WHAT YOU ARE ASKED TO DO:
From the records below, output exactly the lines running from the line containing "こちらは、浅草の雷門ですね。 ここの木製模型、1個買って作ってみたいのですが、結構なお値段するんですよねぇ。 |" through the line containing "Ich wähle die", and no others.
AVAILABLE DATA Start Marker
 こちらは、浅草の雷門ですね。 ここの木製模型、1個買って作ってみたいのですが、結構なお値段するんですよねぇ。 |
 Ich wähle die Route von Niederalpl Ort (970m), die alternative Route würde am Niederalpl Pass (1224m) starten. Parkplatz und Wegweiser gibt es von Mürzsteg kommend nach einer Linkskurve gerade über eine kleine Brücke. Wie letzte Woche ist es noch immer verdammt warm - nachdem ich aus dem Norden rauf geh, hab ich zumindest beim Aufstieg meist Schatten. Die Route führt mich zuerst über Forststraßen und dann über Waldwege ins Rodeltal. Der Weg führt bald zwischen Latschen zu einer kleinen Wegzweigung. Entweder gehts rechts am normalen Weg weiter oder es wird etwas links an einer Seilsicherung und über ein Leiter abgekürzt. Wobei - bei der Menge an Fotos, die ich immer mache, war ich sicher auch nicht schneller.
AVAILABLE DATA End Marker
AVAILABLE DATA Start Marker
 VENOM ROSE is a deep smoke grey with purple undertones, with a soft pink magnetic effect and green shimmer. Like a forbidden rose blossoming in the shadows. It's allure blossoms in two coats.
AVAILABLE DATA End Marker
ANSWER TO THIS TASK:
 こちらは、浅草の雷門ですね。 ここの木製模型、1個買って作ってみたいのですが、結構なお値段するんですよねぇ。 |
 Ich wähle die Route von Niederalpl Ort (970m), die alternative Route würde am Niederalpl Pass (1224m) starten. Parkplatz und Wegweiser gibt es von Mürzsteg kommend nach einer Linkskurve gerade über eine kleine Brücke. Wie letzte Woche ist es noch immer verdammt warm - nachdem ich aus dem Norden rauf geh, hab ich zumindest beim Aufstieg meist Schatten. Die Route führt mich zuerst über Forststraßen und dann über Waldwege ins Rodeltal. Der Weg führt bald zwischen Latschen zu einer kleinen Wegzweigung. Entweder gehts rechts am normalen Weg weiter oder es wird etwas links an einer Seilsicherung und über ein Leiter abgekürzt. Wobei - bei der Menge an Fotos, die ich immer mache, war ich sicher auch nicht schneller.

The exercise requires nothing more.